Last updated: March 5, 2023
Place
Manzanar Auditorium
Historical/Interpretive Information/Exhibits
A Community Living Room
The Manzanar Auditorium is one of three original buildings remaining here from Manzanar War Relocation Center. You would have heard laughter, tears, music – the sounds of celebration and sadness that echoed through this building’s cavernous space. They linger in the stories of Manzanar, of those who worked and played here over many decades: incarcerated Japanese Americans, War Relocation Authority (WRA) staff, and Owens Valley residents.
In just five months, incarcerated carpenters transformed standard government blueprints into a community auditorium for more than 5,000 people still confined here in June 1944.

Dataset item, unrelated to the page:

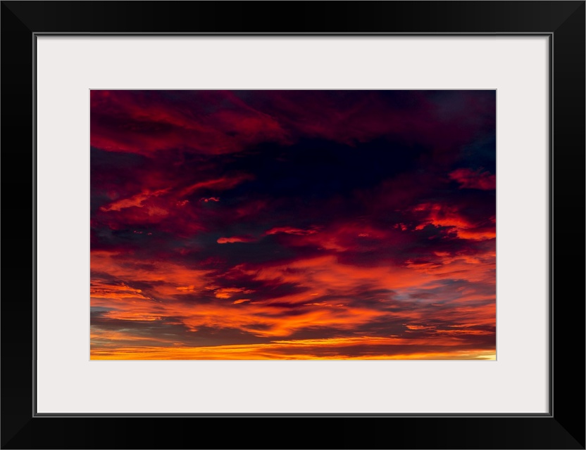 <p>Dramatic colourful cloud formations at sunset; Calgary, Alberta, Canada</p>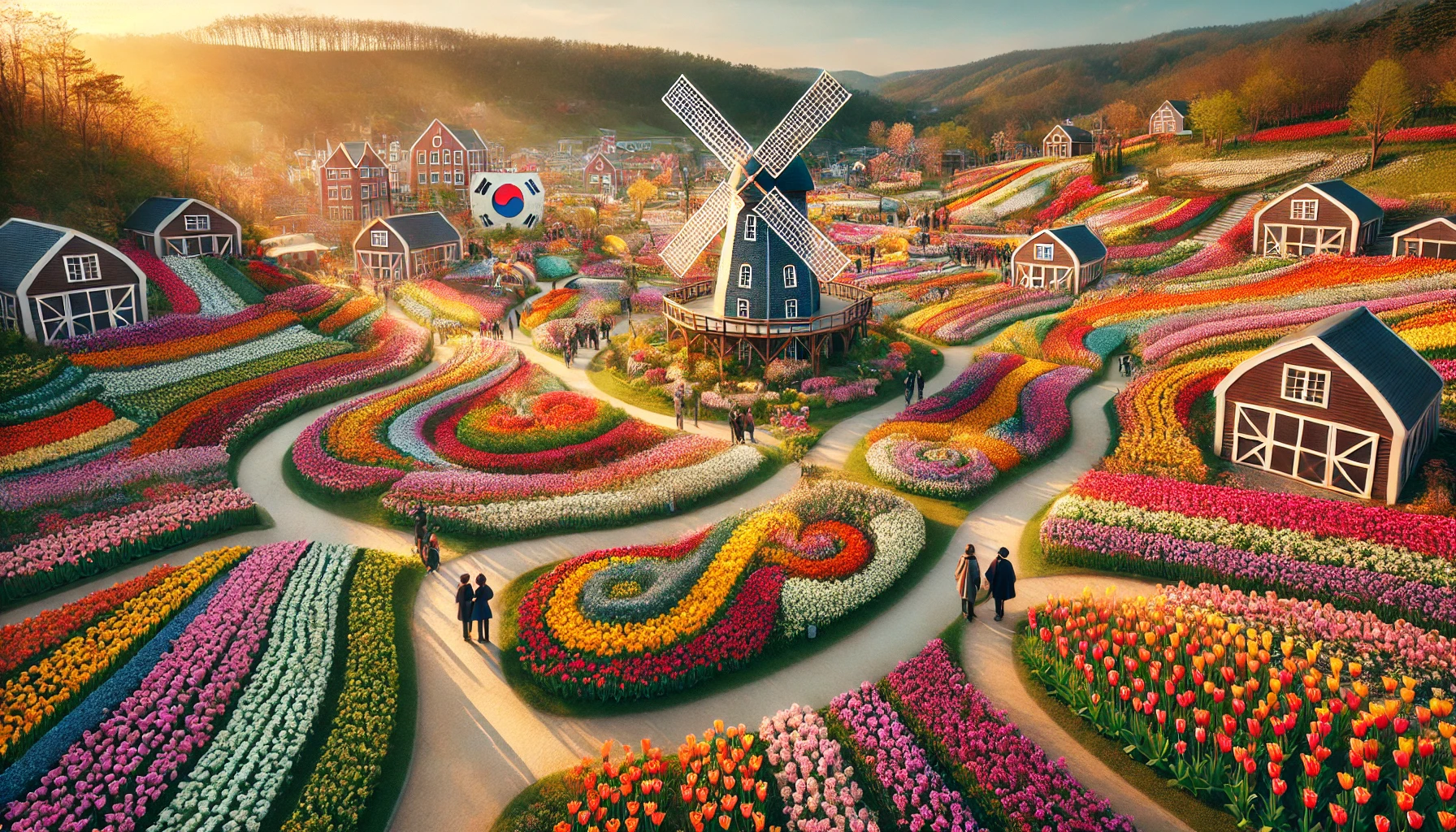 - 튤립 테마 정원 – 화려한 색감의 다양한 튤립이 펼쳐진 장관

With a stage, locker rooms, and projection booth, the 14,000 sq. ft. building changed the way Manazanar gathered. Concerts, lectures, Japanese American cultural activities, and physical education classes filled its calendar – and often its 1,280-seat capacity. Tickets for dances, talent shows, and movie nights were 5 cents for children, 25 cents for adults, and 50 cents for camp staff, and “everyone else.”
Standing Together
A somber Manzanar community, including Project Director Ralph Merritt, center, gathered at the west entrance after an April 29, 1945 memorial service for Pfc. Sadao Munemori and Sgt. Robert Nakasaki, American soldiers killed in Italy on April 5, 1945, while their families remained confined at Manzanar.
Built to Last
The auditorium faced an uncertain future as Mananar closed in November 1945. Inyo County purchased it in 1947, and the Independence Veterans of Foreign Wars hosted community social and sports events here until 1951. The south wing was moved to Lone Pine in 1954, and Inyo County converted the auditorium to a road equipment maintenance shop where many local residents worked over the next forty years.
A Place for Remembering
Time, weather, and alteration had taken their toll when the National Park Service purchased the building in 1996. Six years later, a $3.5 million rehabilitation process began. On April 24, 2004, more than 2,500 formerly incarcerated Japanese Americans, local residents, and others celebrated the building’s dedication as Manzanar’s Visitor Center and park headquarters.